5.How are the votes distributed at the shareholders’ meeting?
Xiaomi’s voting system is designed to keep the founders in control even when selling shares, and this is how it works in practice:
- 🗳️ Class A (ordinary shares): 1 vote per share. Available for purchase on the exchange. ~86.7% of the total number of shares, but only ~42.9% of votes.
- 🗳️ Class B (Preferred Stock): 10 votes per share, Founders and CEOs only. ~13.3% of the total number of shares, but 57.1% of the votes.
This structure allows Lei Jun and his team to block any decisions they don’t like, even if a majority of minority shareholders oppose it, for example, in 2022, the board rejected a shareholder offer to pay a special dividend – despite record profits.
Key decisions that require shareholder approval:
- 💰 Payment of dividends (last time was in 2021).
- 🔄 Major M&A transactions (buying companies).
- 📄 Changes in the articles of association (e.g. issuance of new classes of shares).
- 👥 Appointment of members of the board of directors.
⚠️ Warning: In 2023, Ley Jun used his controlling stake to cancel plans for the division's spin-off POCO. The shareholders were in favour of a separate IPO The company's founder thought it was premature.
By comparison, Apple or Samsung make these decisions collectively, and the founders don’t have that weight, such as Tim Cook, who can’t block Apple’s board decision alone, whereas Lei Jun can easily.
6.The Future of Ownership: What Will Change After EV Marketing?
One of the most ambitious projects Xiaomi is the release of electric cars SU7, And this could have a major impact on the ownership structure of 2026:
- 🚗 Investment needs: Xiaomi has already invested >$10 billion in the project: the issue of new shares or attracting strategic investors (for example, BAIC or CATL).
- 📉 Risk of Lei Jun’s share dilution: If the company issues new shares, Class B’s share may decrease, but Ley Jun is unlikely to let it lose control, rather, it will attract debt instruments.

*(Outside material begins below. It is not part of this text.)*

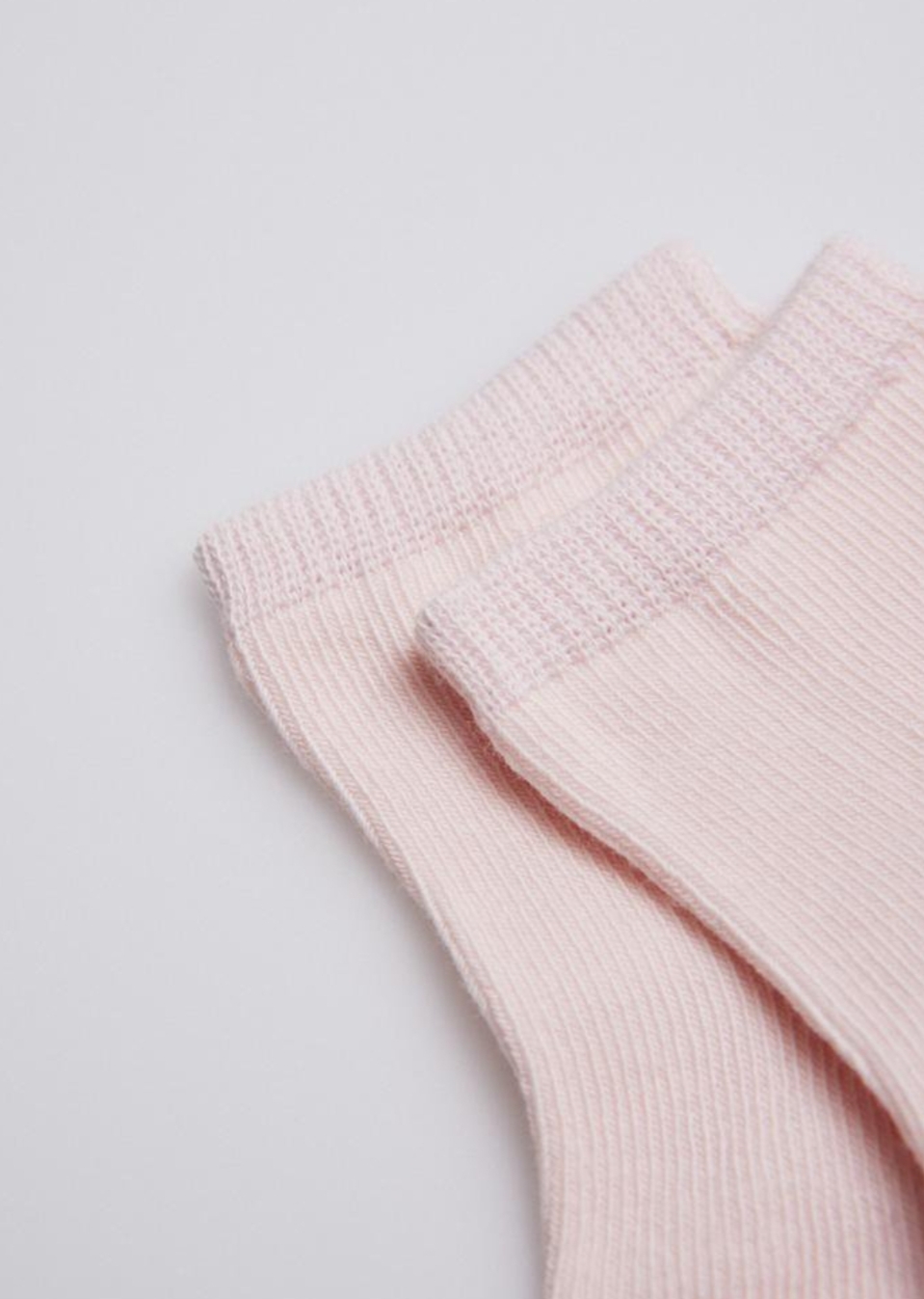• Meias cor-de-rosa claras com punhos elásticos sobre fundo branco
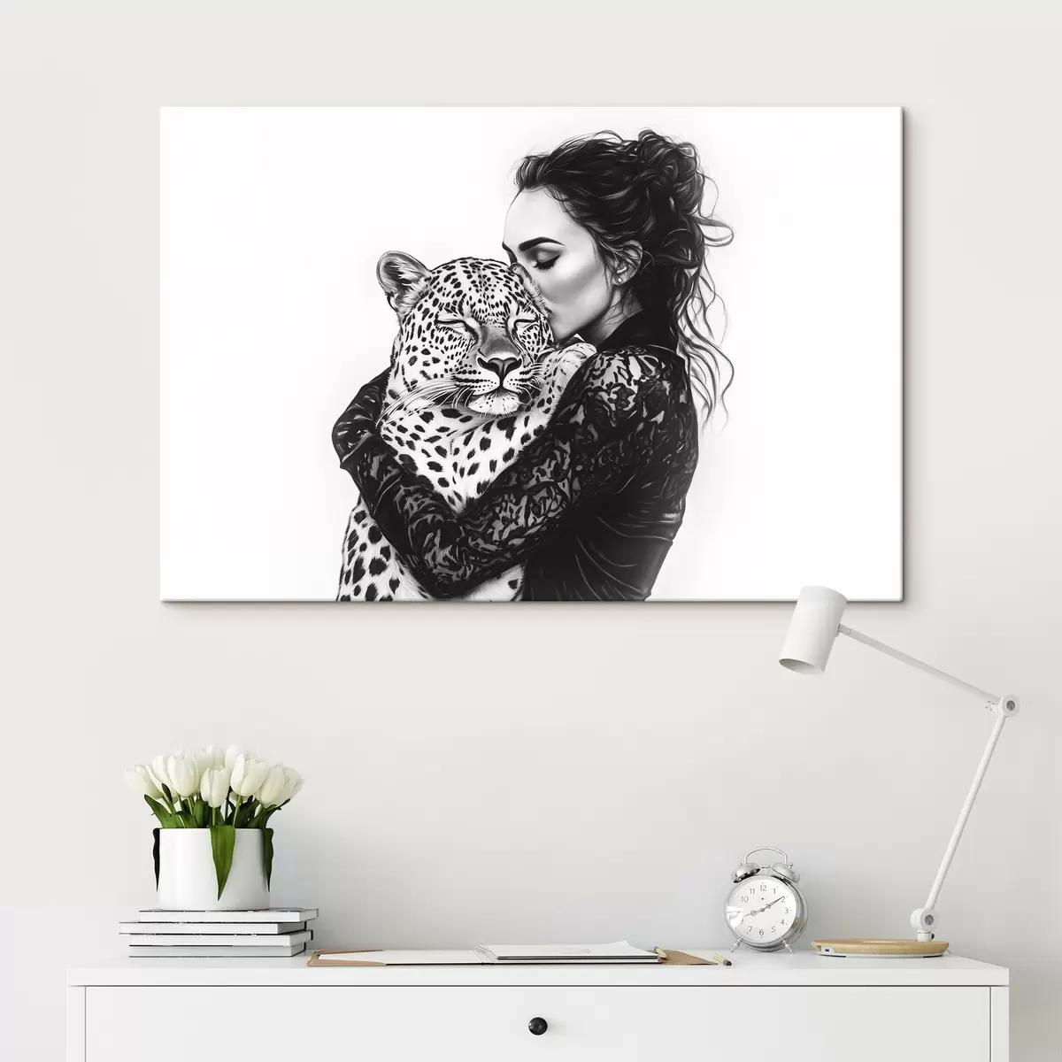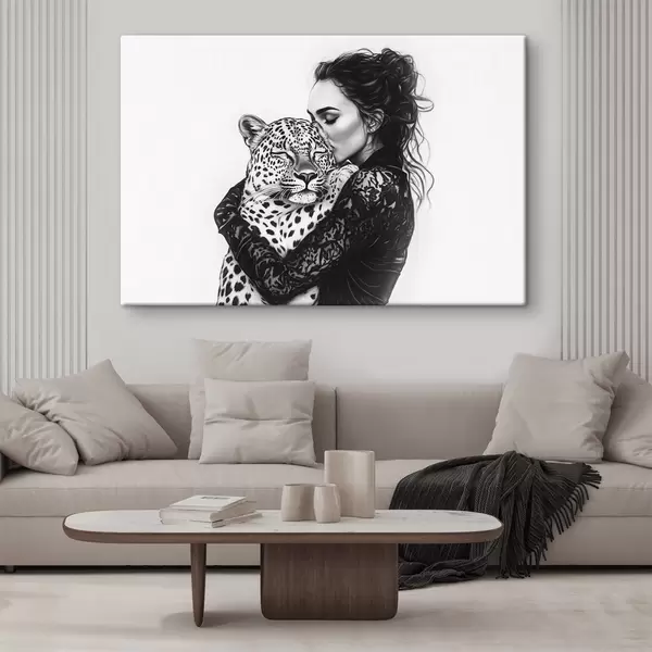 Quadri Donna che bacia il leopardo, disegno a matita, animali selvatici, bianco e nero Nr s41457

- 🏭 Government support: Electric cars are a priority sector for China, and a higher share of state funds may be possible in exchange for benefits.
Analysts at Counterpoint Research predict that by 2026, the automotive division could account for up to 20% of Xiaomi’s revenue, which would require a restructuring of the business, which could affect share allocations.
One of the possible scenarios is the creation of a separate company for electric cars with its own attraction of investment (as Xiaomi did with the company). POCO In this case, Ley Jun will retain control of the main brand, but the state’s share in the auto business may grow.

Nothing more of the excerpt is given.